Individual Apricot and Frangipane Tarts
Deliciously moist little fruit tarts
Makes 2 (easily doubled or tripled); Prep 10 minutes, cooking 40 minutes
For the Shortcrust Pastry
- 50g plain flour (plus a little extra for rolling out)
- 25g butter
- Pinch of salt
- Tiny bit of water to combine
For the filling
- 50 butter
- 50g sugar
- 1 egg
- 50g ground almonds
- 50 grams of cake crumbs (I use little individually packed madeleine’s, two of these are about 50g)
- Couple of drops of almond essence
- 2 apricots (use plums, cherries or blueberries if you prefer)
- Mixing bowl and spoon
- Chopping board and sharp knife
- Individual loose bottom tart tins (I use ones that are 10cm diameter)
- Rolling pin
- Baking parchment
- Baking beans (or dry rice/beans)
Heat the oven to 200C and then make the pastry (unless you want to use shop bought which is also fine!). Start by rubbing the butter into the flour and salt until it resembles fine breadcrumbs. Then add a small amount of water to combine to make the dough, if you’re not sure how much you need for this small amount of dough start with a tiny a tablespoon and add a little more if needed.
Split the dough in half and roll each into a circle large enough to line your tine with a little bit hanging over the side (the pasty should be about 2/3mm thick) and then line the tin (my tins are non-stick but if you’re worried you can brush the tins with a little oil or butter before lining). Then add a piece of baking parchment on top of the pastry and fill the cases with baking beans.
Bake the cases for 10 minutes and then remove the baking beans (carefully as they will be very very hot! – I try to lift them out using the baking parchment). Put the cases back in uncovered for another 5 minutes and then remove from the oven once again and trim the excess edges off.
While the pasty is blind baking you can make the frangipane filling.
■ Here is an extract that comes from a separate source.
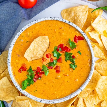 This easy substitution makes for a great recipe that still delivers an easy queso dip recipe perfect for your next party, super bowl party, or Cinco de Mayo celebration.
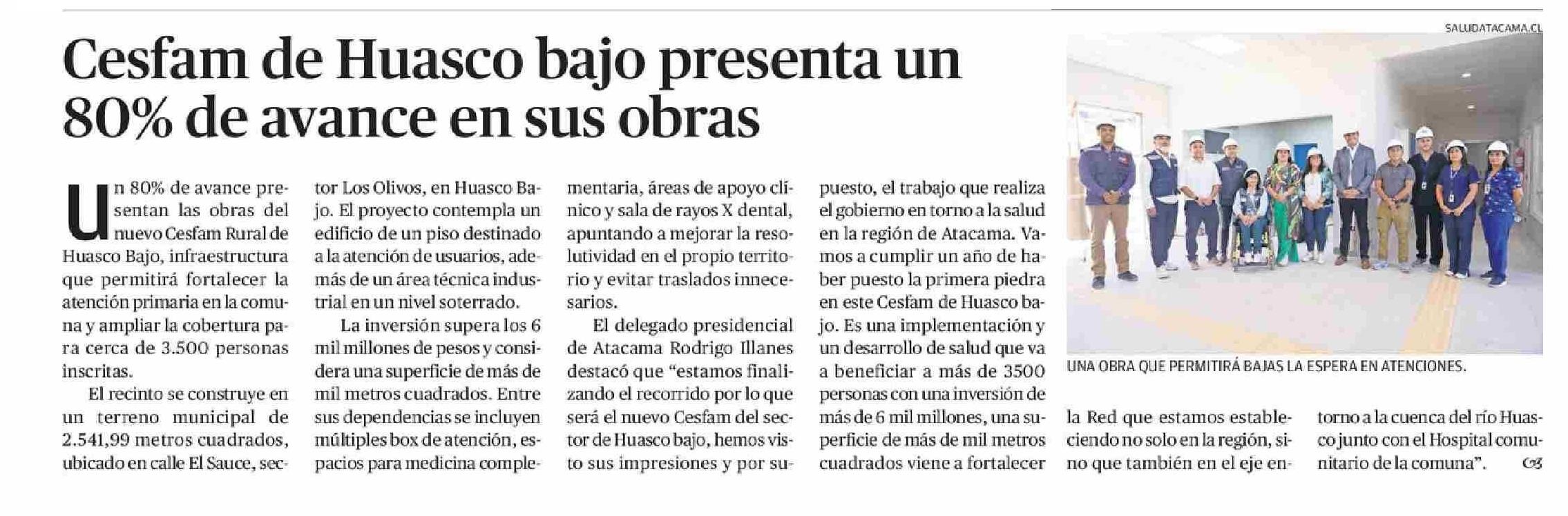 Cesfam de Huasco bajo presenta un 80% de avance en sus obras

Start by creaming together the butter and sugar then mix in the egg (it will look hideous at this stage!). Finally, add the almond essence, ground almonds and cake crumbs and mix well. When your cases are done, divide the mixture between the two. Depending on the depth of your tins, you may have a little spare, you can fill the pastry till it’s nearly at the top, but it will expand so don’t overfill them!
Finally chop the apricots into little wedges (6 or 7 wedges per apricot) and push these into the top of the frangipane. I just get as many in as I can, but you can try and make a nice pattern if you wish. Put the tarts back into the oven for 25 minutes at which point the frangipane should be cooked and the apricots will have started to brown on top. Once cooked let them cool for about 5 minutes before removing from the tin and serving.
These are lovely by themselves (and also great when cold as well) but can also be served with cream (runny or whipped) or custard.